Just kidding. I don’t know if JLaw’s dog is named Spike. But I do know that sometimes what seems like trouble is only troubling. I’d give him a pass here and turn off the TV next time.

The Eyes Have It

EUGENE, SIR: I just got out of a long-term thing and so have started dating again and discovered that there’s an epidemic of men wanting to look deep into my eyes when we’re having sex. I told the last guy to stop it because it was creeping me out. His response was that he thought I had intimacy problems. That may be, but when did men turn into such sensitive, tender things? — F.C.

Dear Football Club: Since that one time that one woman said something about wishing men were more sensitive. The final nail in the coffin, though, was when some other woman said “You know what I really think is SEXY? A sensitive man.” I mean, I understand the two-step. On the one hand, you want a man “sensitive” enough that he doesn’t mind washing a dish or doing a load of laundry every now and then.
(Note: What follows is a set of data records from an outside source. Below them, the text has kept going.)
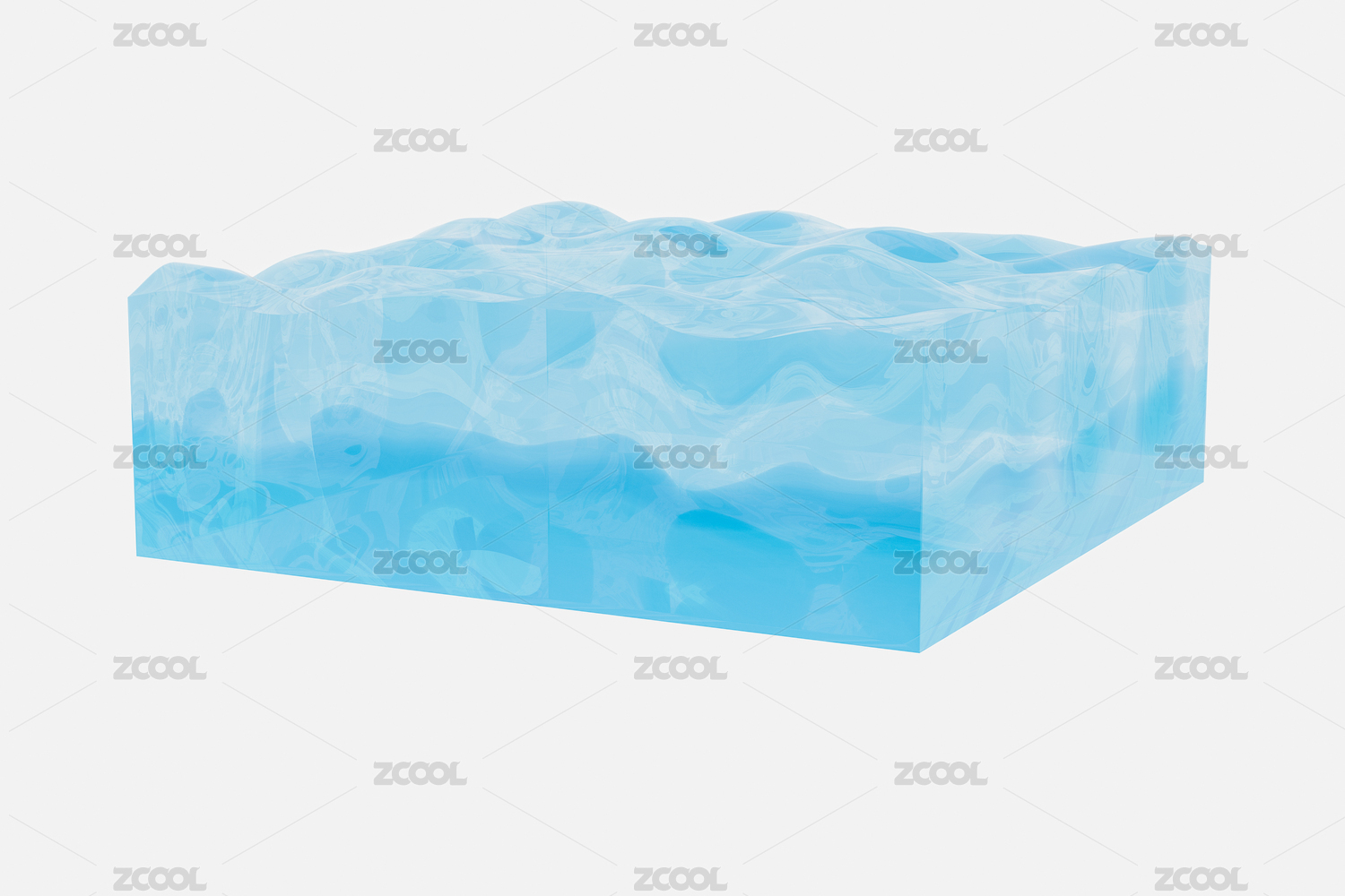 淡藍(lán)色表面起伏的水立方方塊,三維渲染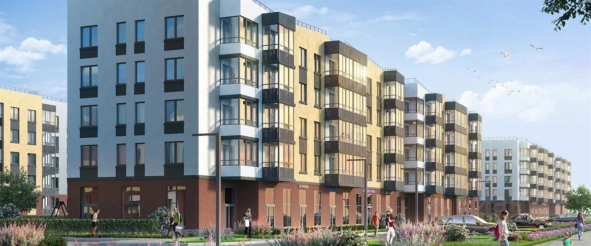 Малоэтажный квартал, состоящий из жилых домов высотой 5 этажей. Фасады выполнены в теплых оттенках бежевого и терракотового спектра. Парапеты домов имеют уклоны, фасады украшают декоративные пояса, а под окнами располагается рустовка.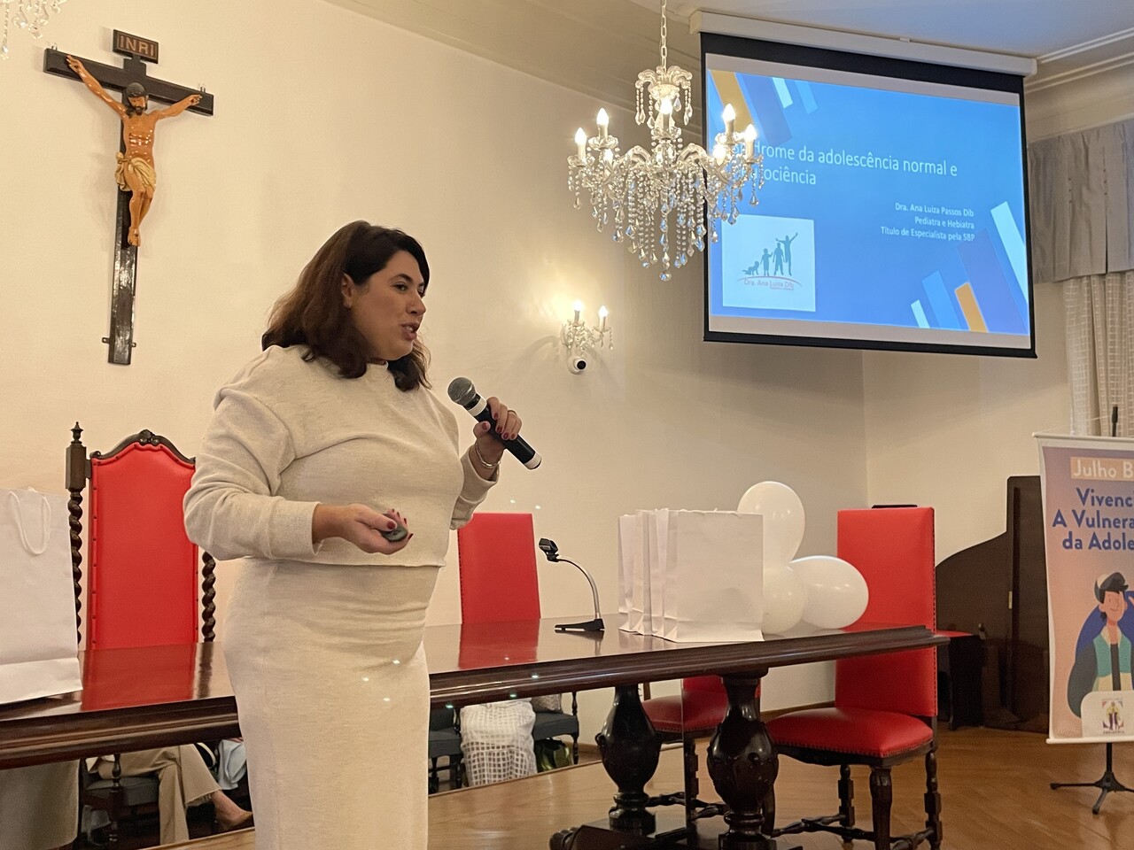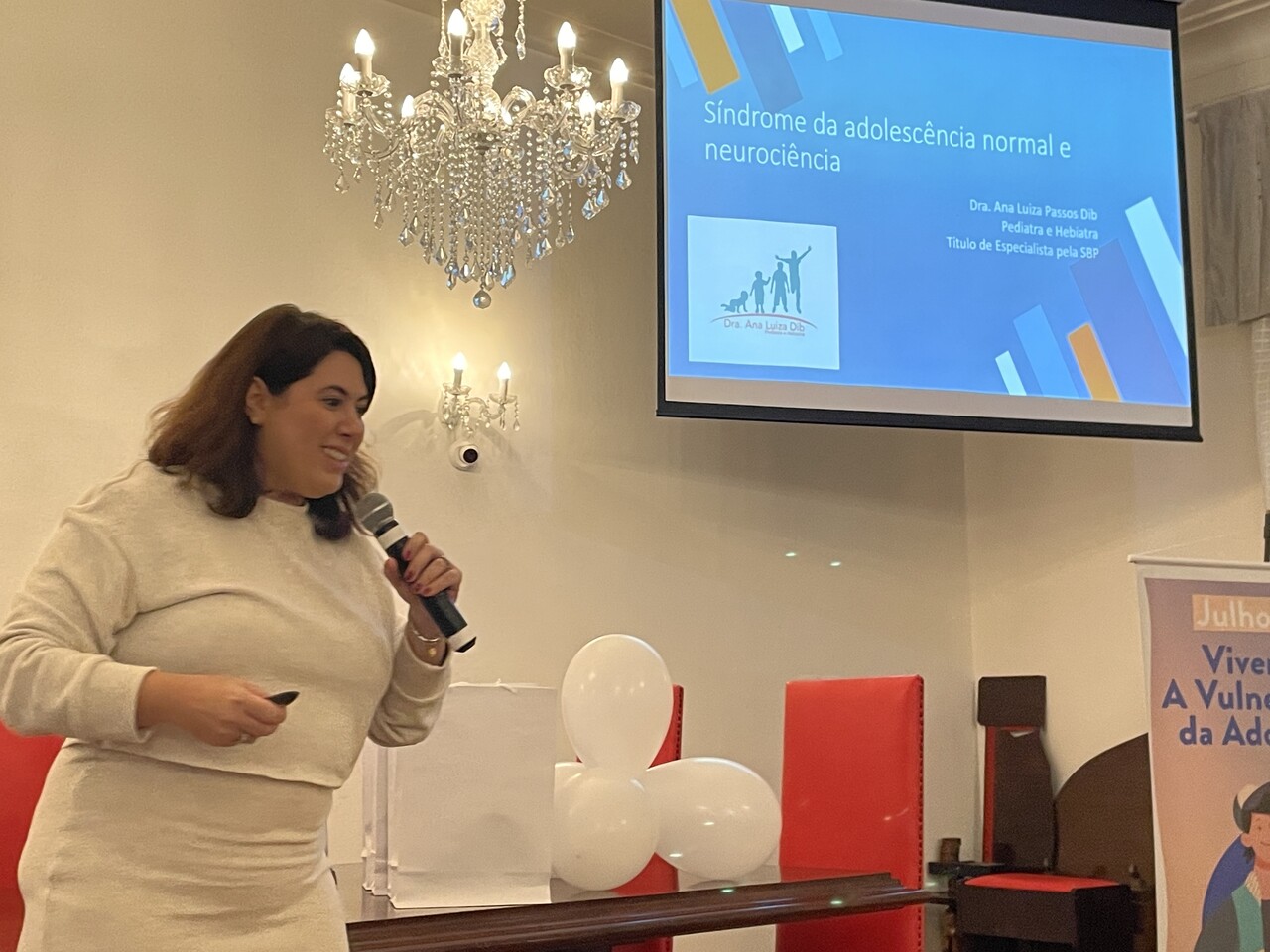 Para a abertura do primeiro painel a médica pediatra e hebiatra (Especialista em Adolescentes), Dra. Ana Luiza Passos Dib, abordou o tema: “Síndrome da adolescência normal - Neurociência relacionada ao adolescente”. Dra. Ana Dib explicou o processo de transição da adolescência até a fase adulta, no âmbito biológico, psicológico e social. “O cérebro está em processo de desenvolvimento e o adolescente tem dificuldade de reconhecer os perigos e isso o torna vulnerável”, destaca.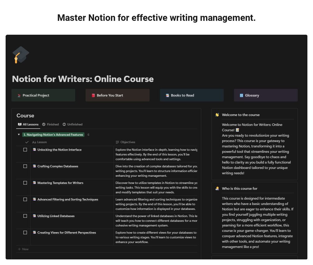 - - Assignments: Engage in practical assignments that will challenge you to apply your new skills, including creating your own Notion for Writers Dashboard.

On the other hand, him thinking he’s Prince every time you have sex, staring deeply into your SOUL might get kind of wearisome.

Well, variety is the spice of life, but I can see you’d just prefer a little balance. So since right now you’re free — or relatively so — go out and find that balanced beau who’s too busy tearing off your clothes to sensitively plumb your soul via your eyeballs but who’s OK washing those ripped-off clothes afterward. Good luck.

Sex on TV

EUGENE, SIR: I’ve never had sex. One of the reasons is because I worry — my penis is 5 inches when fully erect. Please advise me on how to deal with this problem. — Abhishek

Dear Abby: Since I get this question once a week and I’ve answered it almost every time I have gotten it, I can tell you a few things that might help. The first thing is that the fact that I get the question every week should be a sure sign that you are not alone. In fact, based on every other time I’ve answered the question I can tell you that you are well within what people who study penises call “the norm.” Yes, there are men out there larger than you, but there are also men out there smaller than you. Secondly, there are enough women on Earth that it’s inevitable that, if you’re dedicated to the proposition, you will find one who fits you. And finally, you finding that woman starts with you starting to have sex. Especially if the whole penis-size issue is the only thing holding you back. Or to quote 1960s culture icon Mr. Natural: Don’t let your meat loaf. Hope that helps.